Fossil mesostigmatid mites are extremely rare. A few cases of Mesostigmata had been reported from the Cretaceous (e.g. Poinar 1998), but none of them have been formally confirmed as Mesostigmata. Our present discovery of the family Sejidae from Burmese amber is significant for representing the oldest and first determined example of the Sejida from the Cretaceous. Deutonymphs and adults of many families of Mesostigmata have established close phoretic relationships with other arthropods, and phoresy by deutonymphs is a common phenomenon among modern Sejidae, typically on beetles associated with dead wood, and it is possible that this pair of mites were dislodged from an insect that was ensnared by the amber. However, we were unable to see an anal disk or a remnant pedicel, and the only insects in this amber piece are very small, so how these mites became entrapped remains a mystery.

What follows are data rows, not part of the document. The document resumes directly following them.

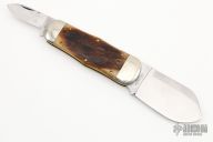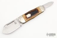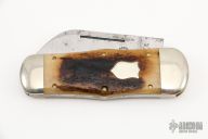 This Tidioute Whaler Toenail by Great Eastern Cutlery has two 1095 carbon steel blades with nail nicks. The handle has double nickel silver bolsters, muscle bone covers with a nickel silver shield escutcheon, brass liners, steel springs. Comes with original tube packaging. The blades have been reground by Tom Krein. Has some scratches and patina, otherwise good condition.
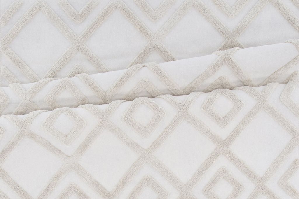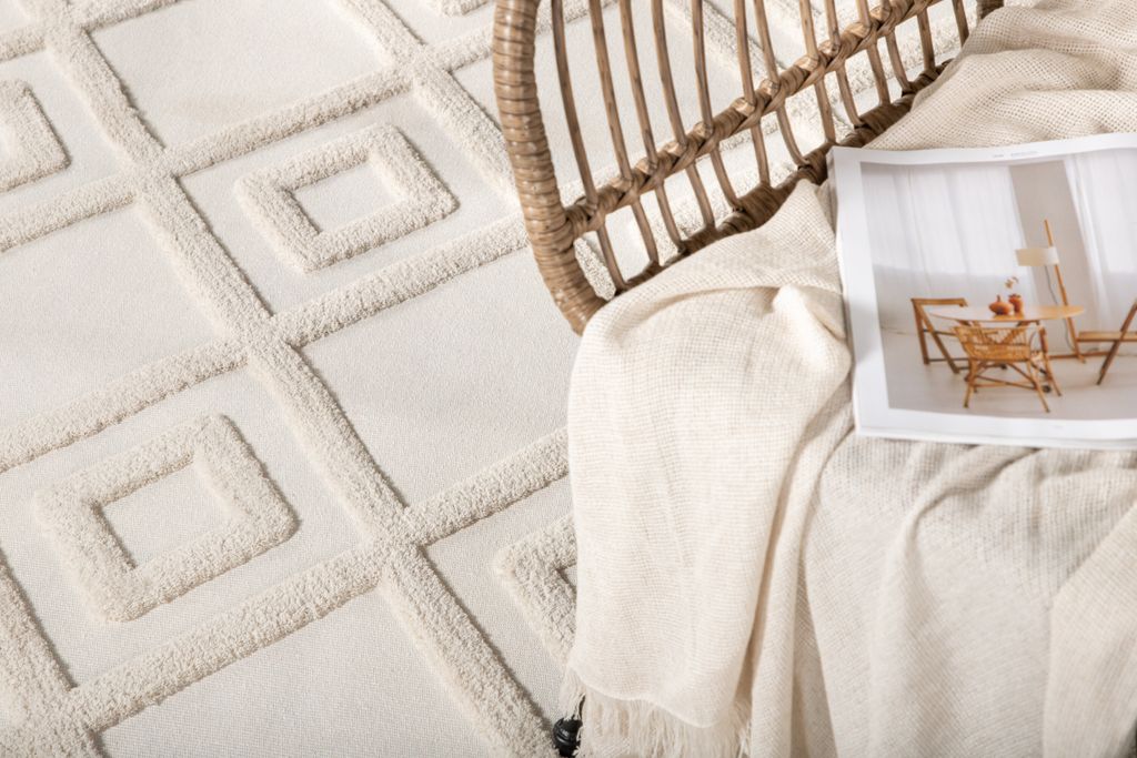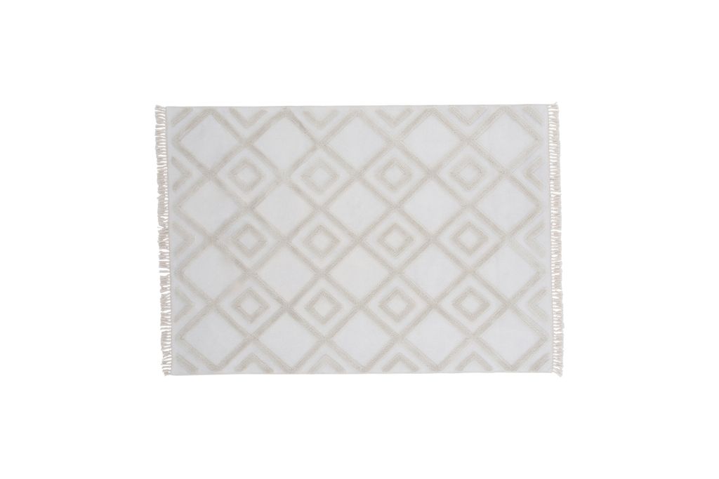 Modern och stilren matta i vitt med strukturerat mönster och dekorativa fransar. Perfekt för att ge rummet djup och karaktär.
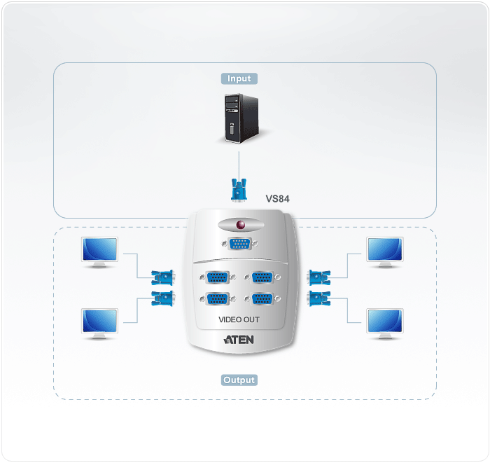 The VS84 Video Splitter duplicates the video signal from an input source (i.e. a computer) and route it to up to 4 display devices (monitors, projectors, etc.). However, they go beyond being merely duplicators, in that they also enhance the video signals over distances up to 30 meters. Furthermore, they can be cascaded three levels to additional ATEN video splitters to support many numerous display devices. And they mount inconspicuously on the wall or out of sight.
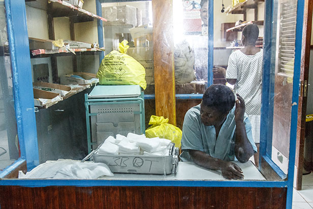 Twee jonge zusters kletsen zacht terwijl ze wondgaas tot een netjes pakketje vouwen. De stapels stof verdwijnen in een ijzeren bak die op de tafel staat. “We verbruiken hier zoveel van”, legt een van de zusters uit: “elke dag vervangen we het verband en leggen we nieuw materiaal op de wond”. De ander legt uit: “dan moeten ze huilen. Het doet veel pijn want de huid blijft plakken aan het gaas”.

We cordially thank Christoph Öhm-Kühnle (Herrenberg, Germany) for donating the amber specimen from his collection to PIN RAS, which allowed us to study it. We are grateful to Alexander Rasnitsyn and Alexey Shmakov (PIN RAS) for identification of syninclusions. We express our sincere appreciation to Owen D. Seeman (Queensland Museum, South Brisbane, Queensland, Australia) and another anonymous reviewer for their invaluable comments on an earlier draft of this paper.